Чтобы найти свежие силы. Мой желудок опускается где-то в районе лодыжек.
— Ты собираешься отдать их Михалю? Людей, которые здесь живут? — Когда Одесса кивает, я довольно глупо спрашиваю: — Он собирается пить их кровь?
Она дергает подбородком в сторону двери. Там у стен были сложены деревянные стулья, а также шляпные коробки и сундуки, затянутые паутиной.
— Ты можешь присоединиться к Димитрию в подвале, если хочешь. Это не для слабонервных.

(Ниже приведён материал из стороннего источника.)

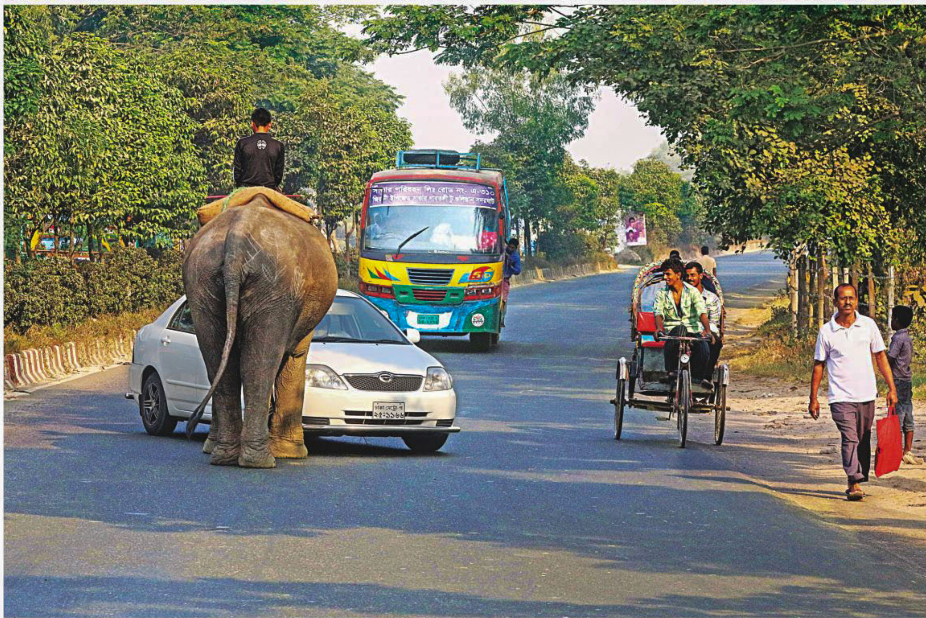
A FREAKISH WAY OF EXTORTION INDEED! Ignoring the risk of an accident, a mahout intercepts a car with his elephant on the Dhaka-Aricha highway at Hemayetpur of Savar to extort money from its passengers. The photo was taken on Saturday.

— Я не слабонервная. Я просто… Он убьет их?
— Скорее всего.
— Но они же невиновны. — Невольно я представляю себе людей, спящих внизу: возможно, пожилую пару, возможно, молодых и влюбленных, а может, и вовсе не пару, а мать с ребенком. Желчь поднимается у меня в горле. Не в силах больше сидеть на месте, я в волнении подбегаю к сундуку и открываю его. Внутри лежат подушки и аккуратно сложенные одеяла. Схватив одно из них, я бросаюсь обратно через всю комнату. — Они не сделали ничего плохого, ничего, чтобы заслужить такую… жестокую и необычную судьбу.
— Жестокую и необычную? — недоверчиво спрашивает Одесса. — Мы вампиры, Селия. Ты бы предпочла, чтобы Михаль умер?
— Конечно, нет, но…
— Тогда у тебя есть другое предложение?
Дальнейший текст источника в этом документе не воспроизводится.